**Given data**.

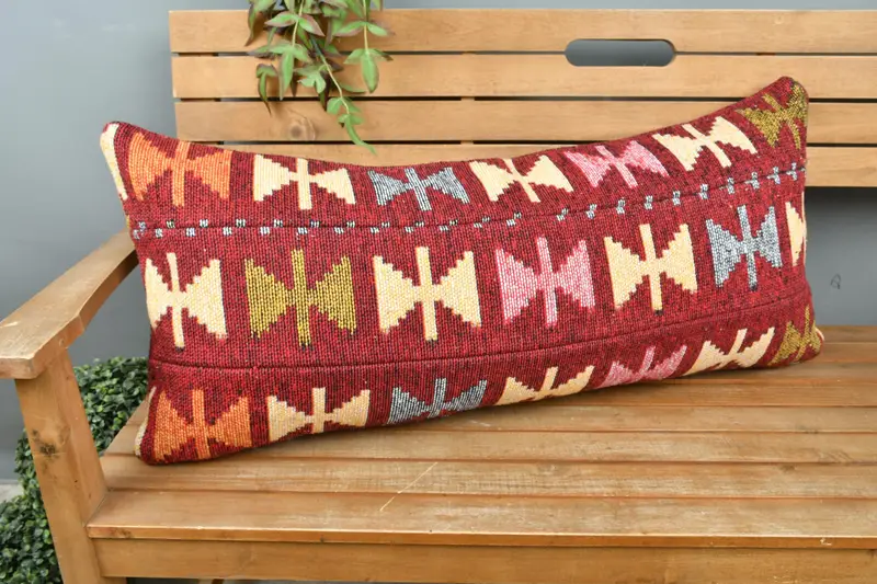 Rot & Orange besticktes Kissen, 16x36 handgemachtes Wurfkissen
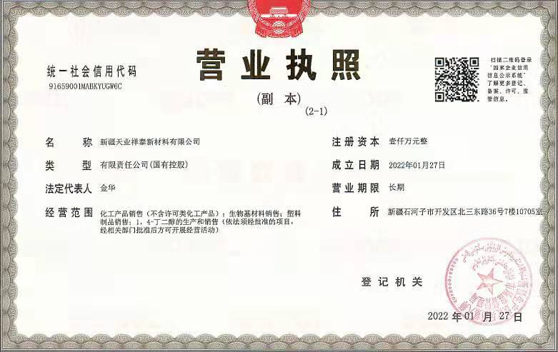 新疆天業(yè)祥泰新材料有限公司由東華科技與新疆天業(yè)(集團(tuán))有限公司共同設(shè)立,注冊(cè)資本金1000萬(wàn)元,其中東華科技持股49%。經(jīng)營(yíng)范圍包括化工產(chǎn)品銷售(不含許可類化工產(chǎn)品)、生物基材料銷售、塑料制品銷售、1,4-丁二醇的生產(chǎn)和銷售等業(yè)務(wù)。
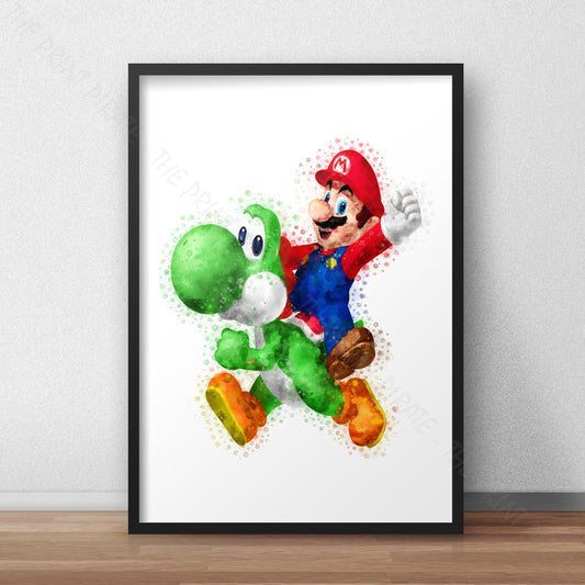 Gaming 'MARIO AND YOSHI' Mario Watercolour Splash Wall Art Print
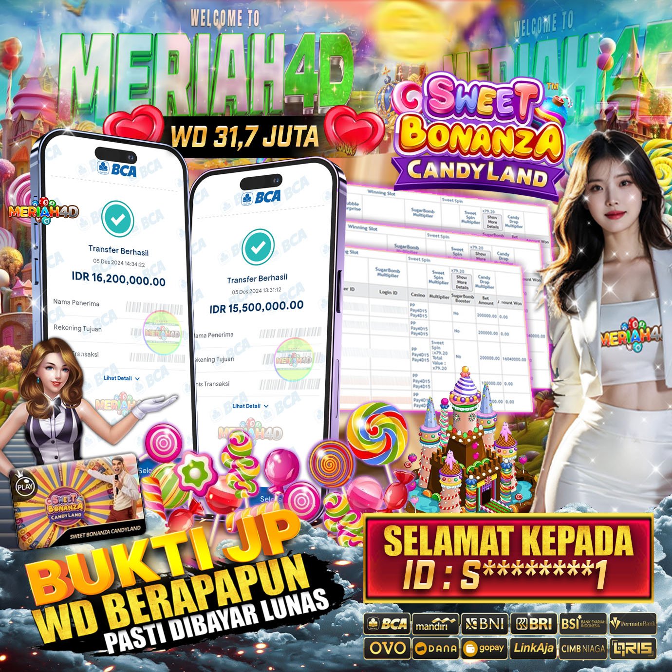 MERIAH4D Bukti Kemenangan Slot LIVE CASINO SWEET BONANZA CANDYLAND

**Exercise**. The whole listing should be reproduced exactly. Images don't go in.

**Your response**.
 Rot & Orange besticktes Kissen, 16x36 handgemachtes Wurfkissen
 新疆天業(yè)祥泰新材料有限公司由東華科技與新疆天業(yè)(集團(tuán))有限公司共同設(shè)立,注冊(cè)資本金1000萬(wàn)元,其中東華科技持股49%。經(jīng)營(yíng)范圍包括化工產(chǎn)品銷售(不含許可類化工產(chǎn)品)、生物基材料銷售、塑料制品銷售、1,4-丁二醇的生產(chǎn)和銷售等業(yè)務(wù)。
 Gaming 'MARIO AND YOSHI' Mario Watercolour Splash Wall Art Print
 MERIAH4D Bukti Kemenangan Slot LIVE CASINO SWEET BONANZA CANDYLAND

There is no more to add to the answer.